ENTRIES PROVIDED:
»»

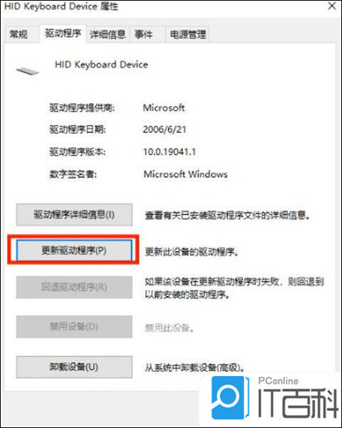 3、在属性窗口中我们选择驱动程序,接着点击更新驱动程序,我们把键盘驱动更新一下去排查这个问题。
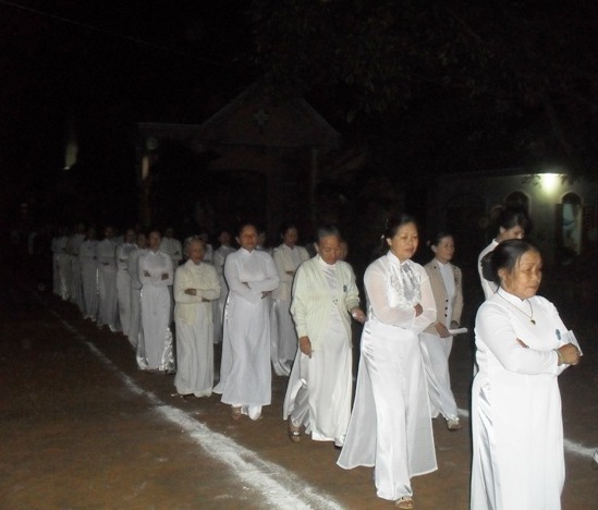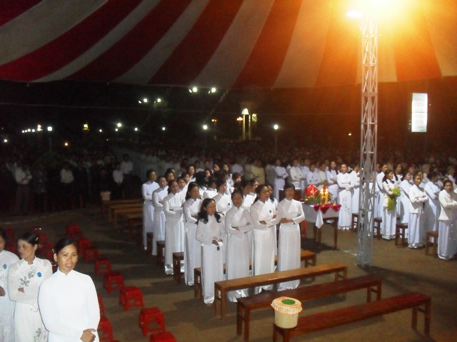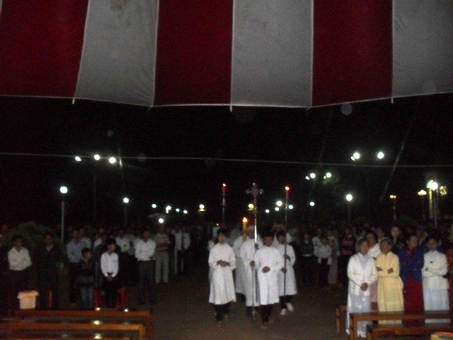 Đoàn người nghiêm trang tiến đi dưới ánh điện mờ khi trời chưa kịp sáng, giữa tiếng hát thiết tha của toàn thể cộng đoàn dân Chúa: “chúng con về nơi đây dâng ngàn tiếng ca, chúng con về nơi đây để tạ ơn Thiên Chúa…”đã thể hiện một sự hiệp thông kỳ lạ, không ồn ào náo nhiệt nhưng đoàn rước cùng với toàn thể cộng đoàn phụng vụ như được sống và tham dự vào cuộc rước biểu dương đức tin và được hòa mình vào hành trình đức tin của dân Chúa trên sa mạc, và như hình ảnh của tổ phụ Apraham, Thánh cả Giuse quan thầy của Giáo xứ là mẫu gường ngời sáng về hành trình sống đức tin của mình giữa sự thinh lặng và giữa bóng tối phủ vây.
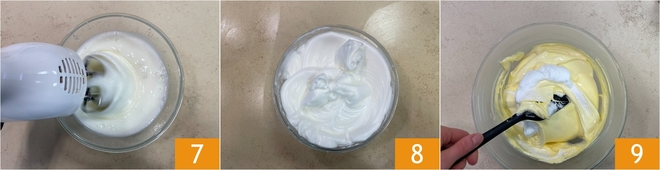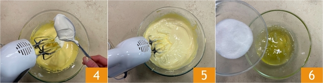 Mit laufenden Rührstäben könnt ihr nun nach und nach den Mascarpone dazugeben 4, bis eine dichte, kompakte Creme entsteht 5; stellt diese beiseite. Reinigt die Rührstäbe gründlich und schlagt nun das Eiweiß steif (ihr benötigt etwa 360 g). Gebt es in eine Schüssel und fügt den restlichen Zucker hinzu 6.
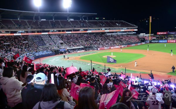 19일 경기도 수원 kt위즈파크에서 ‘2022 신한은행 SOL KBO리그’ kt 위즈와 키움 히어로즈의 준PO 3차전 경기가 열렸다. 내야 2층 관중석이 텅 비어 있다.
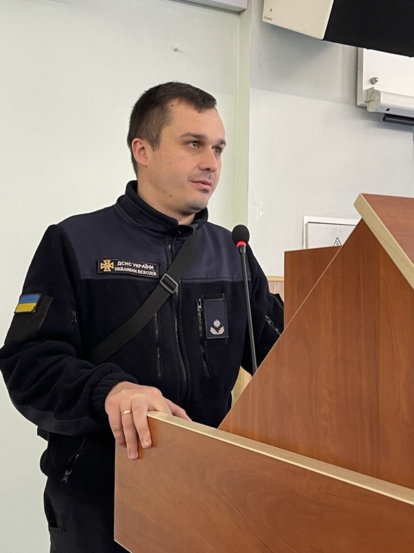 Інспектори відділу запобігання надзвичайним ситуаціям Шевченківського району Харківського районного управління Харківської міської територіальної громади головного управління Державної служби надзвичайних ситуацій у Харківській області поспілкувалися зі співробітниками університету та надали інструкції щодо того, як саме необхідно поводитися в надзвичайних ситуаціях.

««

Write out exactly the lines between the start of the data and the line with "Đoàn người nghiêm", including both, but none of the pictures.

 3、在属性窗口中我们选择驱动程序,接着点击更新驱动程序,我们把键盘驱动更新一下去排查这个问题。
 Đoàn người nghiêm trang tiến đi dưới ánh điện mờ khi trời chưa kịp sáng, giữa tiếng hát thiết tha của toàn thể cộng đoàn dân Chúa: “chúng con về nơi đây dâng ngàn tiếng ca, chúng con về nơi đây để tạ ơn Thiên Chúa…”đã thể hiện một sự hiệp thông kỳ lạ, không ồn ào náo nhiệt nhưng đoàn rước cùng với toàn thể cộng đoàn phụng vụ như được sống và tham dự vào cuộc rước biểu dương đức tin và được hòa mình vào hành trình đức tin của dân Chúa trên sa mạc, và như hình ảnh của tổ phụ Apraham, Thánh cả Giuse quan thầy của Giáo xứ là mẫu gường ngời sáng về hành trình sống đức tin của mình giữa sự thinh lặng và giữa bóng tối phủ vây.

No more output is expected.